El objetivo inicial del proyecto se basó principalmente en entender el juego. Tardamos dos semanas en acordar que el juego empezaba con la mula de seises. Y otras dos para definir que el siguiente tirador sería el de la derecha. Las primeras manos fueron un poco frustrantes, pues algunos habían entendido que la mula de seises no era la ficha inicial, sino otra que yacía dentro del bloque que les había tocado. Y otros, que el turno podía ser más flexible, incluso con tiradas consecutivas. Después de un mes, practicamos y logramos tirar las fichas más o menos con cierta fluidez.

Para el segundo mes ya dominábamos las reglas básicas e incluso empezaron los “cierres” y una que otra jugada elaborada donde –de manera intencional- se “ahorcaron” mulas y se ganaron partidas con trabajo en equipo. Las confusiones iniciales parecieron desaparecer y el grupo empezó a tomar un buen nivel de juego.

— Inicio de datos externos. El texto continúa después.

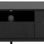 Enhance your living space with this stylish TV unit, designed with a sleek black finish. It features two doors and a drawer with an ash black rough texture, all set upon a matte black powder-coated steel base. The unit includes metal runners for smooth operation, an open compartment, and a wire hole for easy cable management. The push-to-open function and soft-close feature add convenience and a modern flair to your home entertainment setup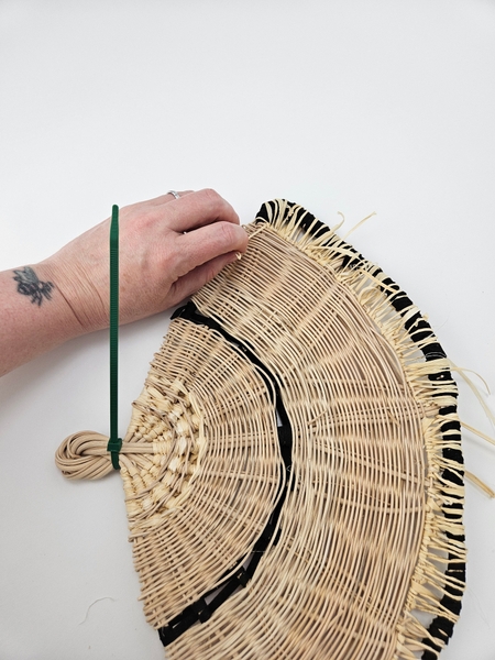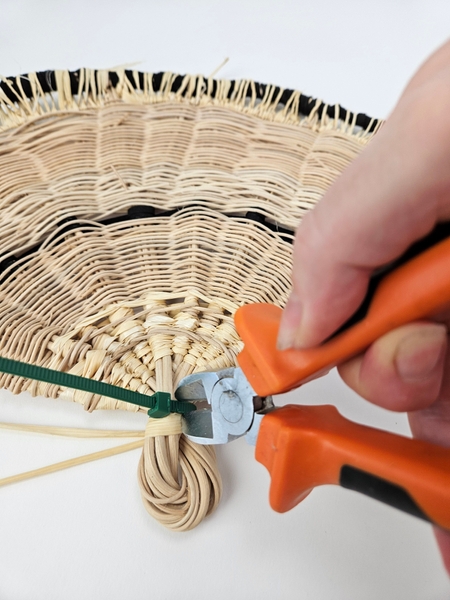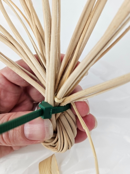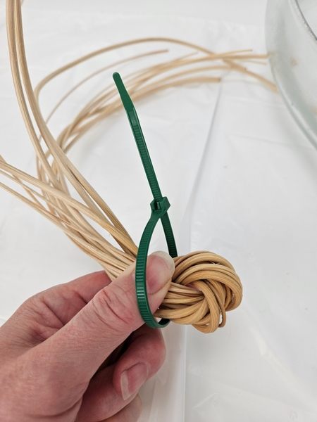 Pull the cable tie tighter than tight. You want this twist to permanently set into handle as the rattan dries.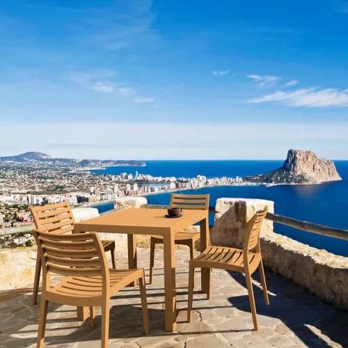 Teak Brown Ares resin dining set with 4 chairs and one square dining table. Super sturdy commercial strength. Chairs are made from commercial grade resin with gas injection molded legs. Both chairs and table offer 100% polypropylene construction. No metal parts. Chairs are heavier than most resin chairs of its type. Dining set is perfect for heavy use areas. Set items are 100% resistant to outdoors, sun, snow, salt. Resin is virtually maintenance free.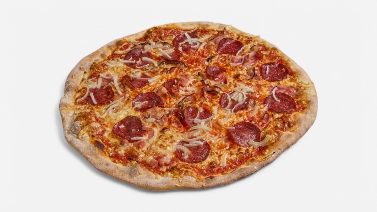loupaná rajčata, mozzarella, salám, anglická slanina, cibule (Při změně přísad použijte kategorii PŘÍSADY NA PIZZU!)
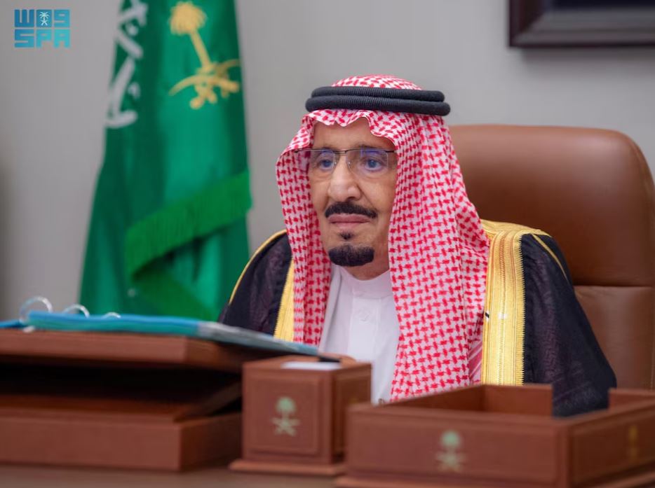 Saudi King Salman bin Abdulaziz chaired a virtual cabinet meeting from his office in Jeddah, Saudi Arabia, May 28, 2024. Saudi Press Agency/Handout via REUTERS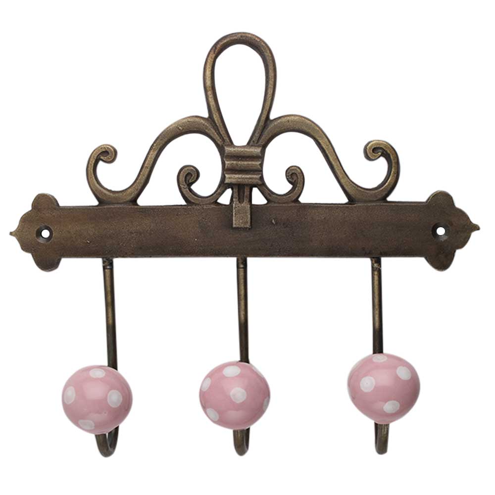 Pink White Dot Ceramic Iron Hook. A Perfect Complement to the Soft Tone of the Wood are these White Traditional Hat Coat Hook Made of Genuine Porcelain and Brass. It can be use to Hang Jewellery, Leashes, Towels, Scarves, Light Weight Sweaters, Caps Etc.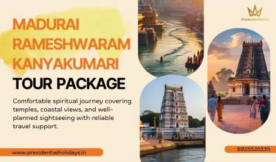 Explore the spiritual heart and scenic beauty of South Tamil Nadu with the Madurai-Rameshwaram-Kanyakumari tour package by Presidential Holidays. This thoughtfully planned journey brings together anci...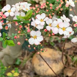 蕾はピンク色 開くと白に近い淡いピンクの雪柳 清楚でひっそりと咲いています💮🌿💗😊💕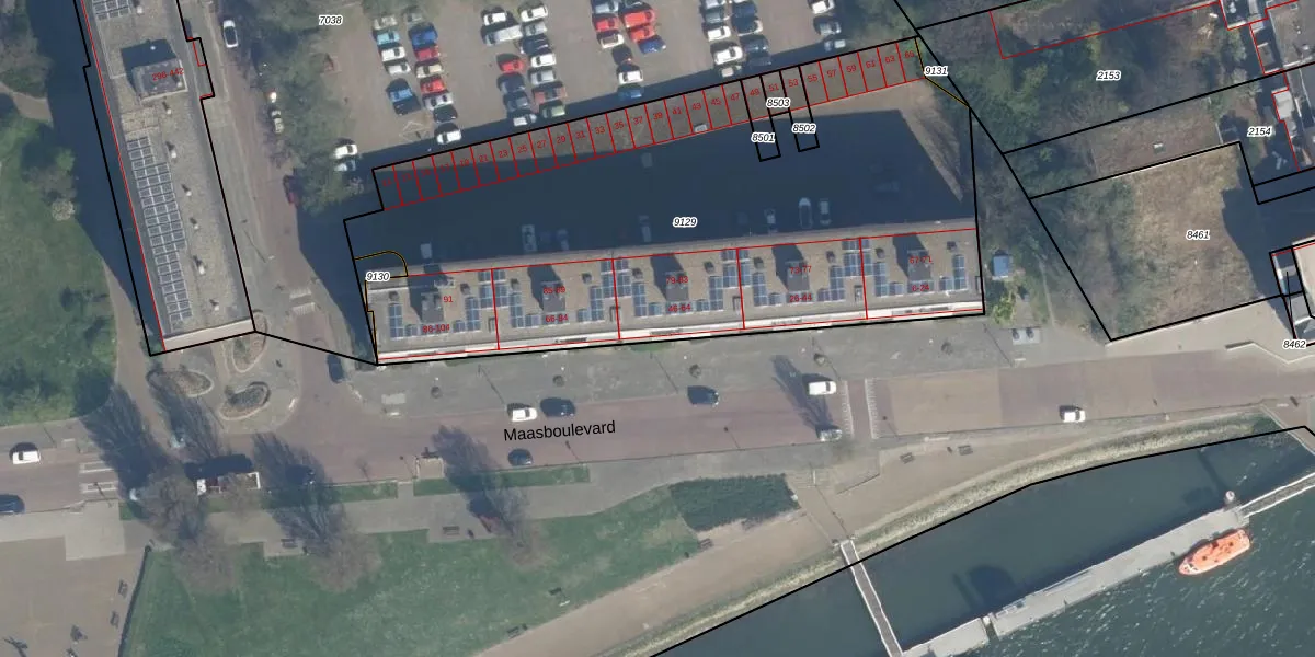 Maasboulevard 62 is gelegen op kadastraal perceel VDG00D9129. Deze kadastrale aanduiding is uniek en wordt gebruikt door het Kadaster om eigendomsrechten en andere zakelijke rechten vast te leggen. Het perceel maakt onderdeel uit van de kadastrale gemeente Vlaardingen.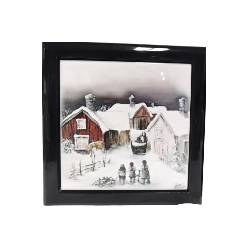 Sortmalt skrin i tre med keramiskflis, hvit fløyel på innsiden, lekkert dekorert med et av Grethes fineste vintermotiver "Vintria".

Pero justo antes de la gran partida, las personalidades emergieron violentamente. Se hizo la “sopa” y cada jugador acomodó sus fichas frente a él. Los agachados intentaron una “movida” más allá de las reglas, tratando de salir con una ficha diferente a la mula de seises y pensando que podían tirar consecutivamente sin parar. Para sorpresa del equipo, el caos privó y nuevamente hubo que regresar a las reglas iniciales.

Durante el tercer mes, reforzamos las reglas y nos dimos a la tarea de practicar sin cesar. Nos convertimos en unos jugadores expertos, con capacidad de contar rápidamente los puntos de las fichas y realizar inferencias sobre las (fichas) no tiradas.

El día de la partida, emergieron nuevamente las personalidades, pero esta vez sin violentar las reglas. Los clásicos buscaron el trabajo en equipo y la conciliación, esgrimiendo los mejores argumentos que encontraron. Los agachados, con una validez incuestionable, engañaron y sorprendieron. La mano ha durado varias horas y todavía no se tira la última ficha.Aparentemente hay algunas mulas “ahorcadas”, pero no sabemos todavía de quiénes son. Ha sido extenuante el esfuerzo y ya han tenido que haber un par de amonestaciones por intentar hacer “señas”. Afortunadamente, ha privado la cordialidad que en momentos parecía desaparecer. Los clásicos critican a los agachados, y viceversa.No hay estadísticas tampoco en estos casos y -a diferencia del dominó- me parece que la oportunidad de vencer es igualmente probable. Sobretodo, es claro que podemos acercarnos a la solución con enfoques diferentes y no hay manera de saber cuál es la más efectiva y mucho menos cuál la más noble.Me parece, además, que el aprendizaje de todos los integrantes del grupo ha sido invaluable y aún si Juanito “se va” con la mula de treses, cada instante que he pasado en este proyecto ha valido la pena. Soy jugador clásico en el dominó y también en los proyectos de trabajo. Pero puedo reconocer -sin chistar- cuándo es que un agachado ha jugado mejor que yo.